Money is also weird for pastors because of other people’s assumptions and misunderstandings.  I have run into people who seem to think that my income goes up or down depending on how good the offering is that week, like I might get a bonus if I can convince people to give more.  No, it doesn’t work like that.  I have also had people hand me a $100 bill after a funeral or wedding and say “Here, this is for you, or the church, or whatever,” because they have a Catholic background and think that maybe I don’t have my own finances at all, like a priest.  No, the church’s finances and my finances are very separate.  I have a paycheck and a mortgage and buy groceries just like you.  I serve a church with a constituency of 1000+ people, and I have people ask me if this is all I do, or if I have another job.  Yeah, it’s pretty much full-time.
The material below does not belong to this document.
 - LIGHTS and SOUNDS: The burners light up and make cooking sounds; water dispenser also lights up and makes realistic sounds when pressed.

It’s strange to have my salary voted on by a hundred people who all have their opinions about how a pastor should be compensated.  It’s strange to stand up and teach people the importance of giving when they think I’m on the receiving end of it.  But the truth is, I tell people to give not because I am a pastor, but because I am a Christian who is committed to the authority of Scripture, and because I know from experience that this is God’s will and God’s way, and He blesses it.  I also know from experience that the people who object to teaching about giving are people who have not fully surrendered their lives and hearts to Jesus.  If your life truly belongs to Him, then you don’t hold anything back, not even your money.  In fact, if you’re a true worshiper, you take pleasure in giving Him something that costs you, because that’s how we show love.
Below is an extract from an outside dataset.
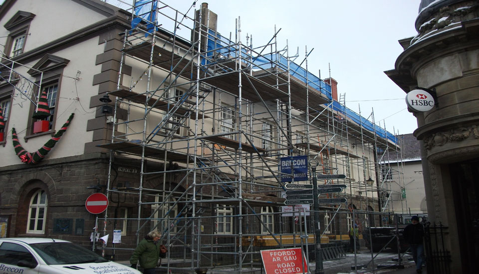 An access scaffolding plus stair tower and edge protection, built out of our Cuplock System Scaffolding for C & T Bain to enable them access to completely strip and lay a new roof to the Guildhall in Brecon.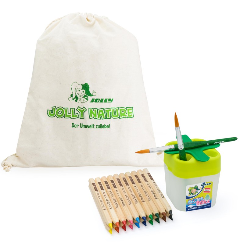 JOLLY Kita/Kiga Starter Pack | 20 Extra Thick, Water-soluble Natural Colouring Pencils | Includes 2 Brushes, Aqua-Boxx and Storage Bag, 1 Piece (Pack of 1)

Right now in our church, we’re experiencing a drop in our giving that is putting us in a tight spot financially.  I’ll share some more details on Sunday, but the bottom line is that we need people to give.  I don’t have access to any information about who gives or how much they give (another common misunderstanding: I don’t know what you give and I don’t want to).  But let me tell you what I suspect:  I suspect that we don’t need the regular givers to give more (although of course that would help), but that we need the non-givers to start giving.

We are a church that is getting younger.  A generation of faithful givers is passing away and moving away, and being replaced by people who have either never been taught about this important aspect of worship, or who have resisted surrendering to God in this area of their lives.  This has the double effect of hindering the ministry of the church and hindering their own journey of discipleship.  In order for God’s church—and God’s people—to grow, a new generation has to learn to trust Him with their finances.  A new generation has to learn that worship has more to do with obedience and sacrifice than emotion.

Have you surrendered your finances to God?  Have you prayed about what He would have you give?  If you regularly benefit from the ministry of the church, are you regularly supporting it?  And most of all, do you understand that your giving isn’t just a duty (although I would say it is), but that it’s worship?  Have you discovered the joy of expressing love to God through sacrifice?  If not, how do you know you won’t discover that you love it?  How do you know God won’t provide, and even bless, if you trust Him in this area?  And how will you be sure money hasn’t become an idol for you unless you’re willing to give it away?